At the battle field with COVID-19, almost all weapons have and are being explored and utilized in order to win the fight. Masks, PPEs, handwashing facilities, Menstrual Hygiene Management kits etc. are being bought and distributed to both public places, communities and households.

While all other groups of people are able to access these facilities, the case is not the same with prisons, specifically Maula and Mzuzu Prisons.

Mr. Wilbes Tembo is the Assistant Environmental Health Officer for Maula Prison and Mr. Msumba Head of Clinical Department at Mzimba prison had shared the status of the prison with WES Network secretariat and WSSCC National Coordination team.

As a prison we feel we are not very ready to fight the pandemic because we do not have the necessary PPE for everyone more especially inmates. Imagine, none of the inmates has a mask. This is a basic item to avoid contracting and further spread before all these other preventive measures.

Again, we do not have the capacity to check temperature at the main gate just to regulate entry.

Meaning that even sick people have full access to the prison premises putting at risk thousands of lives in the prison community. The only thing we are able to do is to have people wash their hands at entry points.

Come to think of the congestion in our prisons. This means no social distancing for the inmates is being observed and we have just received six inmates who have tested positive for COVI-19. Much as the inmates are currently on isolation and their contacts have been quarantined, they still pose a threat to the community considering the nature of a prison environment. The good news is that these inmates do not have complications to seek medical help.

Inquiring how female inmates are managing menstruation, Tembo alluded that at the moment the prison has sent all female inmates to Mzuzu Prison just to create a room for isolation for confirmed cases.

Walking around the prison premises; WES Network secretariat and WSSCC National Coordination team observed that there was a hand washing facility at the main gate, none of the prisoners had a mask on and a few of officers had masks on. Again, there was no temperature checking at the main entrance a situation which is different from other public premises like hospitals, hotels, etc. where temperature for all visitors are being checked before entry and are provided with masks.

WES Network and WSSCC National Coordination team carried out an assessment exercise just to understand the gaps as other entities have complained of stocking more buckets even than necessary and not other essential items.

Tembo recommended re-usable masks, gumboots for fumigation, HTH, bar soaps, a thermometer and heavy gloves as the main gaps for the prison.

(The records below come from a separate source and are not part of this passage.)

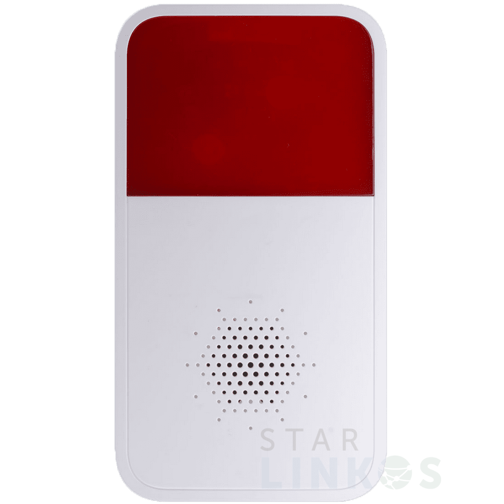 Беспроводная сирена охранной сигнализации, мощность звука 85 дБ (1 м), рабочая частота 434 МГц, мощность передачи 10 dBm, дальность передачи до 700 м, тамперная защита, питание от 4 аккумуляторов, настенный монтаж, ABS-пластик.
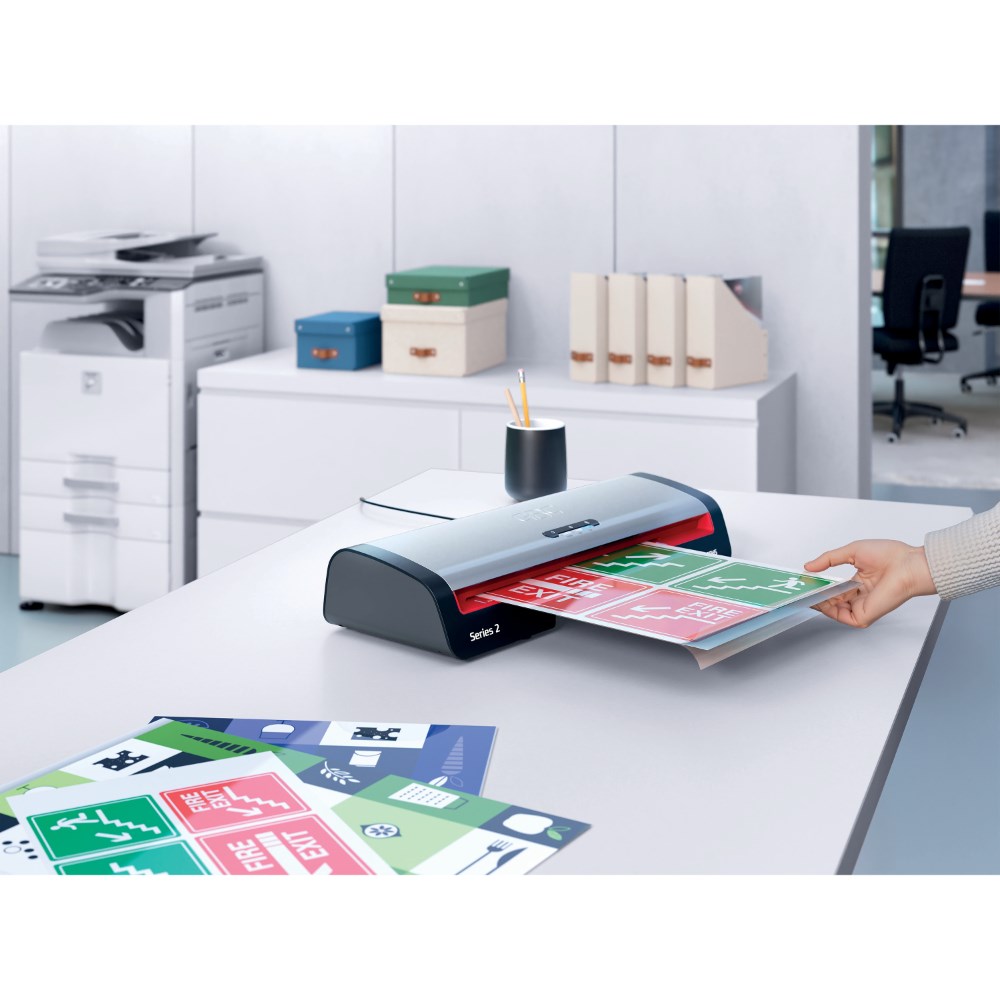• Laminates an A4 document (75 mic) in just 36 seconds and is compatible with GBC high-speed pouches.
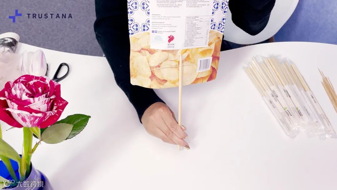 2、用一次性筷子或其他小木棍在每个零食后面固定好“十字架”
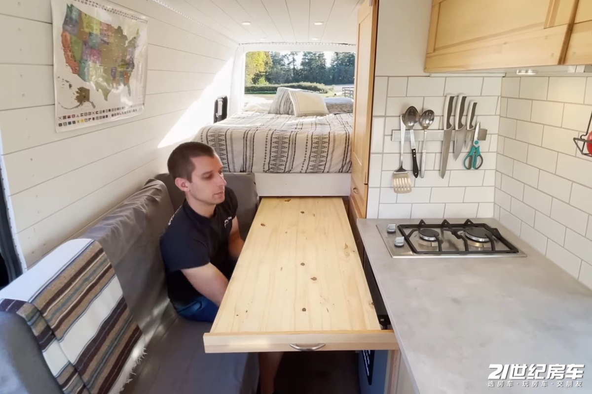 贝克和奥斯丁将后置床设置为了纵向,因为两人都是高海拔,超厚实的全尺寸床垫也让他们能够睡得更加舒适。床铺侧边的两个储物柜伸手就能够到,存放一些日常衣物。
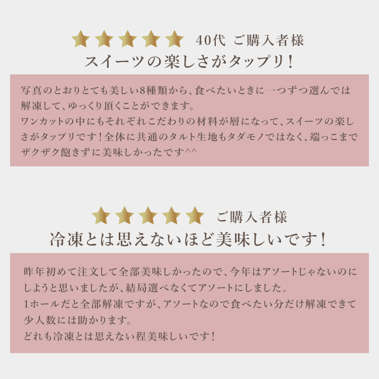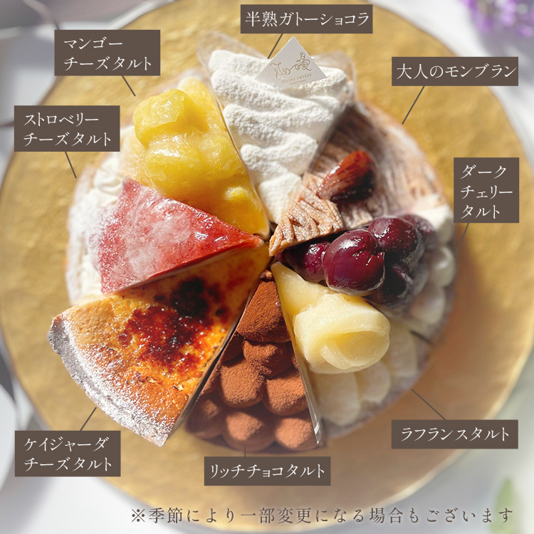 大口注文・法人のお問い合わせはこちら一度に8種を楽しめるパーティーアソートは ナイフもカットボードもいらない手軽さも人気のスイーツです。 ・完熟いちごのチーズムースタルト ・モンブラン好きさんのためのモンブランタルト ・なめらかケイジャーダチーズタルト ・贅沢完熟マンゴーチーズタルト ・5層で味わう大人のリッチチョコタルト ・贅沢ダークチェリータルト ・ラフランスのホワイトローズタルト ・じゅわりとろける濃密半熟ガトークラシック この8種類が1カットずつ入っています。 ※季節によって内容が変わる場合もございます※
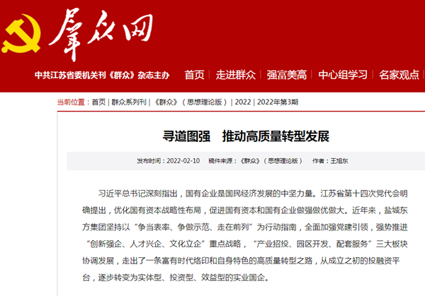 近日,由中共江蘇省委主辦的《群眾》雜志(思想理論版)2022年3月刊“社會建設(shè)”欄目刊登王旭東董事長署名文章——《尋道圖強 推動高質(zhì)量轉(zhuǎn)型發(fā)展》。

Mr. Tembo, the Clinical In-Charge for Maula Prison had this to say “prisons have been the most neglected areas even amidst any emergency. Prisons are sound like a dump place to others, but mind you this a reformatory place and deserves such treatment, he lamented”

Tembo to the right with his colleague

The female inmates at Mzuzu prison identified the lack of access to sanitary materials as a great challenge to the management of Menstruation. One of the inmates lamented that the most difficult time in prison is when you menstruating as you don’t have the access to sanitary products. At Nkhatabay prison, a prison officer Mrs. Susan Harawa narrated a story that “one inmate was literally using the mattresses to manage the menses to an extent that the room was stinking and no one had an idea to what was the cause of the bad smell only to find out that it was from the used materials of the managing of the menstruation by one inmate who was mentally challenged” She further said that Menstrual management by the mentally challenged female inmates is a tall order both for the prison officers and the prison inmates

The female inmates identified the following as the challenges in safe management of the menstruation;

  • Menstrual Hygiene Sanitary products
  • Safe Disposal of the used sanitary materials
  • Lack of water sometimes, to manage menstruation
  • Lack of support from Prison services on Menstrual Hygiene Management

One inmate, Yvonne Kaphagawani from Maula prison had this to say after the assessment “this process will open the eyes of other NGOs to priotise MHM issues in prisons, and we are just hoping that the media person you have come with will be our mouthpiece to share our untold stories” she further thanked WSSCC for reaching out to the prisons.

Female inmates during the training

The fight against the COVID-19 in the health facilities in Lilongwe has a lot of gaps suffice to say many WASH organizations are Lilongwe based. An assessment that was done by the WSSCC and WES Network through the Malawi WASH Cluster has shown the following gaps across;

  • Insufficient Chlorine across the five facilities assessed
  • Lack of Protective gear for the frontline health personnel across the five facilities assessed
  • Insufficient hand sanitizers, face masks and hand washing soap

At Area 18 Health Centre, one of the Clinical Officers, Mrs. Tiwonge Banda Chimlamba said “working in an environment where we have less protective gear is very risky, however, I personally have always taken my job as a calling from God to help the most vulnerable under my jurisdiction regardless of the conditions I find myself working in

The Matron of Bwaila Hospital emphasized the need to priotise the protective gears for the health personnel in the fight against the COVID 19. She further narrated that the COVID 19 pandemic I shard hitting the health personnel due to the lack of the protective gears as evidenced with a number of them testing positive to COVID 19.